* [WHAT IS EXPECTED]: Please transcribe the records precisely; pictures stay out of your copy.

Top of GIVEN RECORDS

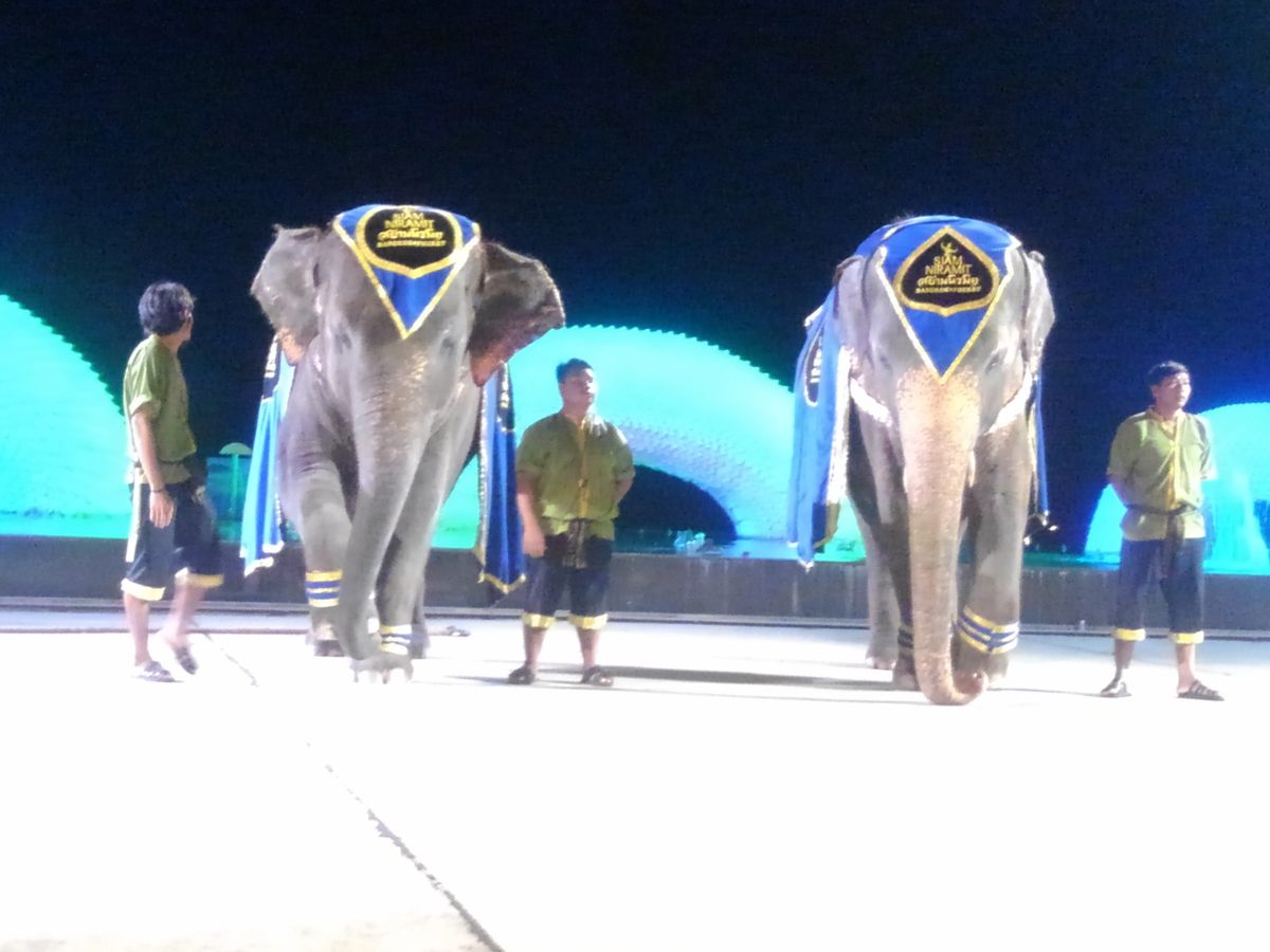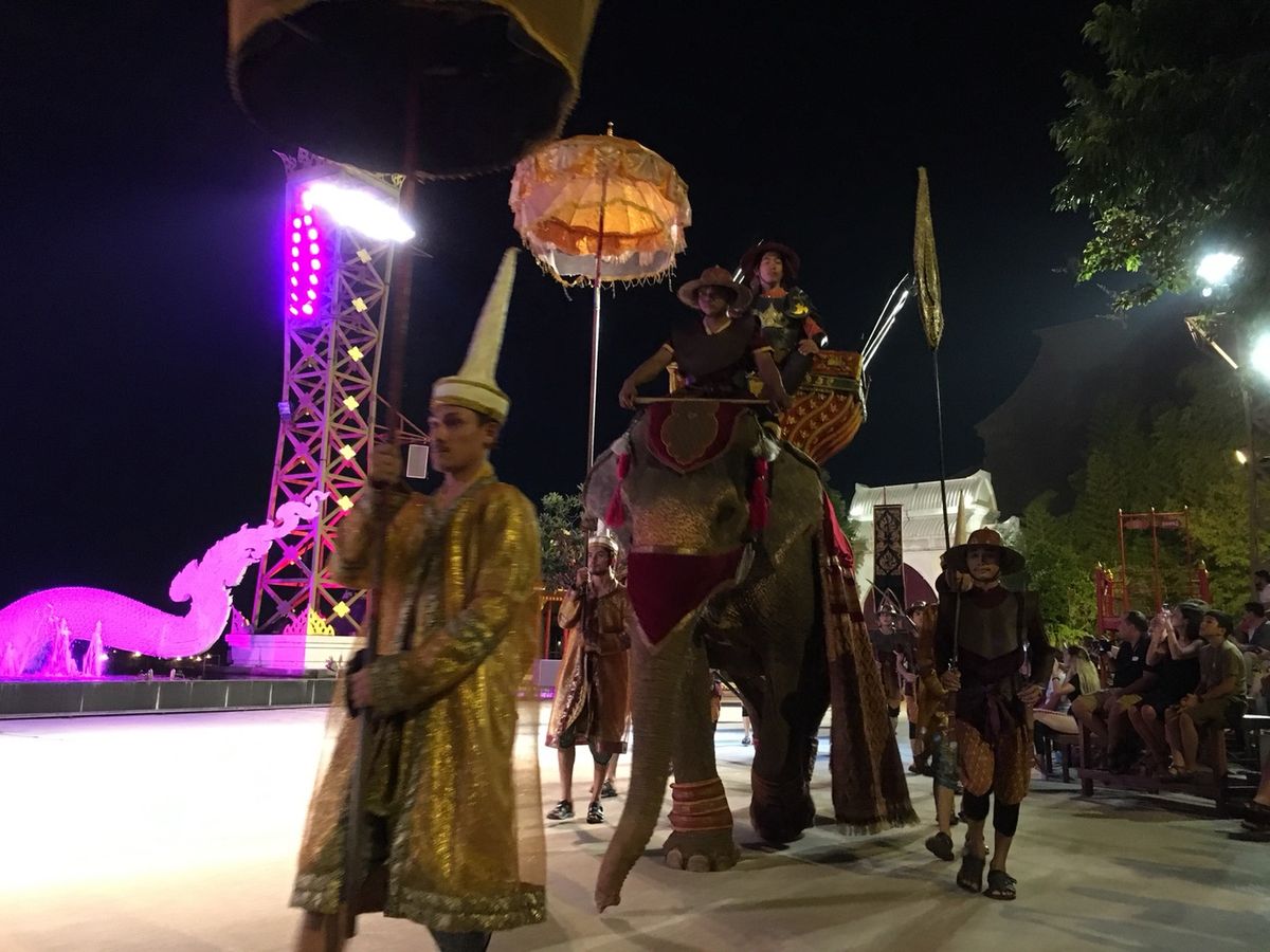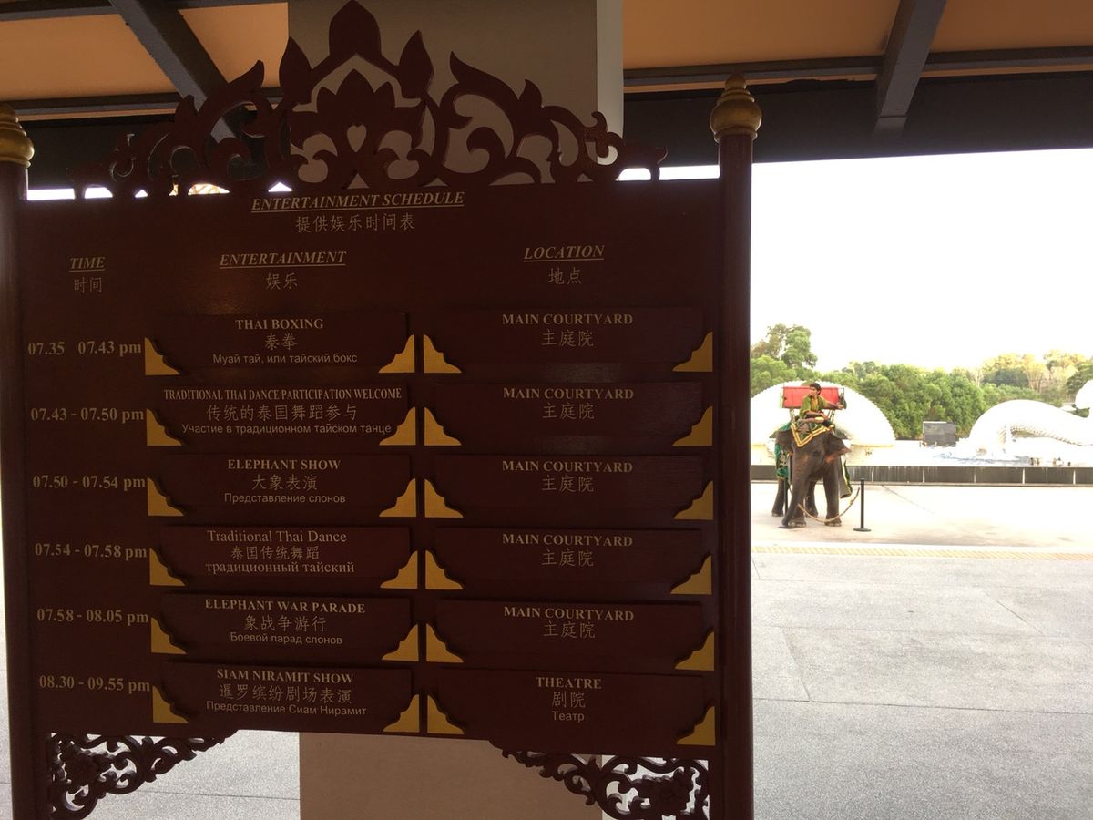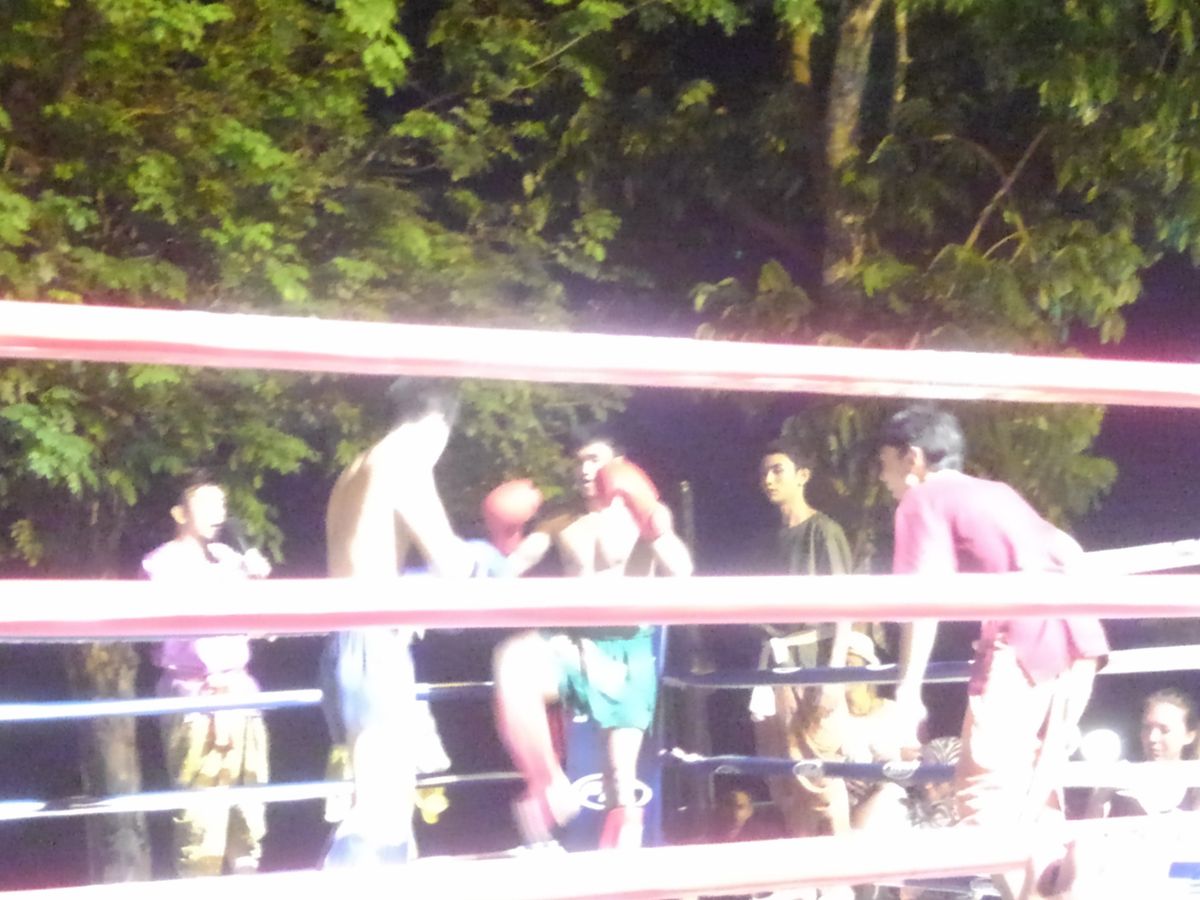 その後、子供たちは、象にバナナをあげたり、ダーツや射的で遊んだりしながら時間を潰し、見たかったムエタイを間近で見て、フォークダンスか盆踊りの様なダンス(娘はお兄さんに誘われて、一緒に参加しました)や象のショー等を観覧しました。写真撮影タイムを作ってくれたりと、サービス精神旺盛でした。
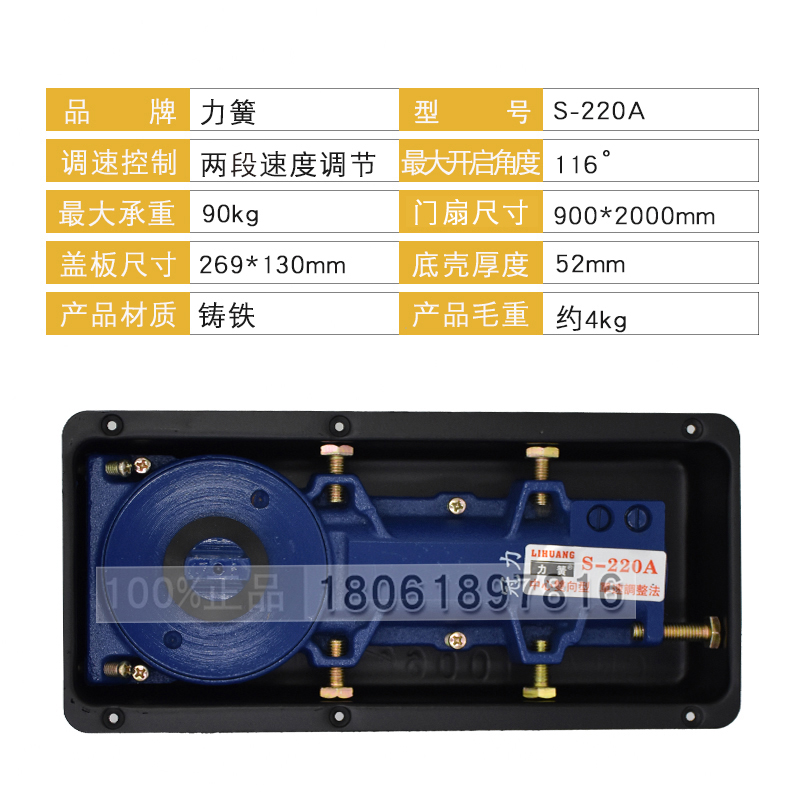 Force spring glass door floor spring S-220A ground bounce huang aluminum alloy framed door frameless door universal hardware accessories
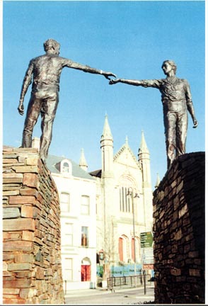 Statue at the roundabout at the Cityside end of Craigavon Bridge
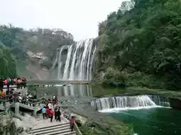 Huangguoshu Waterfall stands as one of the world's most magnificent waterfalls. Its main cascade surges with immense power, thundering down like a silver galaxy pouring from the sky. Surrounded by lush karst peaks and steep cliffs, the scene showcases the distinctive charm of the region's geological landscape.
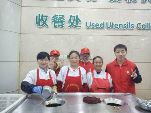 活动当天,志愿者与食堂工作人员高度配合,帮助引导就餐人员将剩余饭菜倒入泔水桶中,并微笑着提醒他们将餐具一一分类,将碗盘勺筷一一放好。之后,志愿者拿着抹布和提桶清理餐桌上剩余的食物残渣,虽然油腻肮脏,他们依然耐心地用抹布将桌子仔细擦拭干净,并且将椅子按要求正确归位。虽然又脏又累,但志愿者的脸上依然挂着笑容,这感染了每一位就餐人员。他们十分配合志愿者的工作,将餐盘按规定放好,并给志愿者投去赞许的目光。食堂工作人员说道:“这些志愿者小娃娃们啊,不怕苦不怕累,什么脏活累活都抢着干,帮了我们很多忙,真的感谢这些志愿者们!”

Bottom of GIVEN RECORDS

* [ANSWER BELOW]:
 その後、子供たちは、象にバナナをあげたり、ダーツや射的で遊んだりしながら時間を潰し、見たかったムエタイを間近で見て、フォークダンスか盆踊りの様なダンス(娘はお兄さんに誘われて、一緒に参加しました)や象のショー等を観覧しました。写真撮影タイムを作ってくれたりと、サービス精神旺盛でした。
 Force spring glass door floor spring S-220A ground bounce huang aluminum alloy framed door frameless door universal hardware accessories
 Statue at the roundabout at the Cityside end of Craigavon Bridge
 Huangguoshu Waterfall stands as one of the world's most magnificent waterfalls. Its main cascade surges with immense power, thundering down like a silver galaxy pouring from the sky. Surrounded by lush karst peaks and steep cliffs, the scene showcases the distinctive charm of the region's geological landscape.
 活动当天,志愿者与食堂工作人员高度配合,帮助引导就餐人员将剩余饭菜倒入泔水桶中,并微笑着提醒他们将餐具一一分类,将碗盘勺筷一一放好。之后,志愿者拿着抹布和提桶清理餐桌上剩余的食物残渣,虽然油腻肮脏,他们依然耐心地用抹布将桌子仔细擦拭干净,并且将椅子按要求正确归位。虽然又脏又累,但志愿者的脸上依然挂着笑容,这感染了每一位就餐人员。他们十分配合志愿者的工作,将餐盘按规定放好,并给志愿者投去赞许的目光。食堂工作人员说道:“这些志愿者小娃娃们啊,不怕苦不怕累,什么脏活累活都抢着干,帮了我们很多忙,真的感谢这些志愿者们!”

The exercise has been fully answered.